#### [Exercise aim]
Write out, word for word and with no pictures, each line below from the one containing "Ewald, ein Künstlerbär" through the one containing "매일 똑같은 원만 그려서", both included, and no other line.

#### [Records shown]
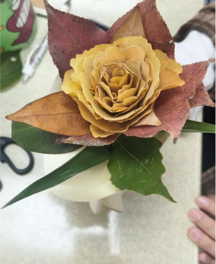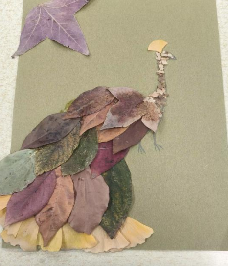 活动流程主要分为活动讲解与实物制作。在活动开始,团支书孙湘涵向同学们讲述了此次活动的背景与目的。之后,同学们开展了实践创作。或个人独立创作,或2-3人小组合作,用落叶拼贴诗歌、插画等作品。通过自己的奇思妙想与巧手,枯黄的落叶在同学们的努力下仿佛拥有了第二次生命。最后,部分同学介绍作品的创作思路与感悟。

--

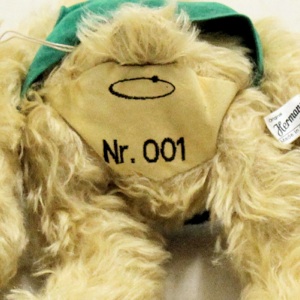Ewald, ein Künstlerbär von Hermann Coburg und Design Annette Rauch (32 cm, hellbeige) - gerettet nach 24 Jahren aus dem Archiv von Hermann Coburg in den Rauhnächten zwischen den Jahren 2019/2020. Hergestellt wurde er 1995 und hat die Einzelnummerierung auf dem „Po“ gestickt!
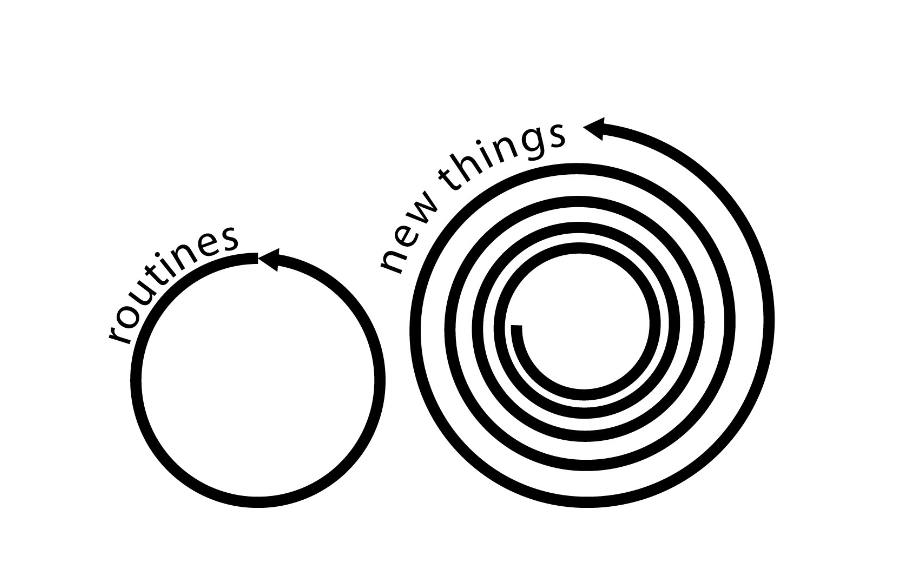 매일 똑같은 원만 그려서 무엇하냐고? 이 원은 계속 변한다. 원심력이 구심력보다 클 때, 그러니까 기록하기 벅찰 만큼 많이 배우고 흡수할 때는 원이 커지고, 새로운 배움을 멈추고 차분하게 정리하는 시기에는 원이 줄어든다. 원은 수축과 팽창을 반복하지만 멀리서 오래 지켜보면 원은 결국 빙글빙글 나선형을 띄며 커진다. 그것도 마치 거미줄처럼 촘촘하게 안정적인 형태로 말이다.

#### [Reply]
Ewald, ein Künstlerbär von Hermann Coburg und Design Annette Rauch (32 cm, hellbeige) - gerettet nach 24 Jahren aus dem Archiv von Hermann Coburg in den Rauhnächten zwischen den Jahren 2019/2020. Hergestellt wurde er 1995 und hat die Einzelnummerierung auf dem „Po“ gestickt!
 매일 똑같은 원만 그려서 무엇하냐고? 이 원은 계속 변한다. 원심력이 구심력보다 클 때, 그러니까 기록하기 벅찰 만큼 많이 배우고 흡수할 때는 원이 커지고, 새로운 배움을 멈추고 차분하게 정리하는 시기에는 원이 줄어든다. 원은 수축과 팽창을 반복하지만 멀리서 오래 지켜보면 원은 결국 빙글빙글 나선형을 띄며 커진다. 그것도 마치 거미줄처럼 촘촘하게 안정적인 형태로 말이다.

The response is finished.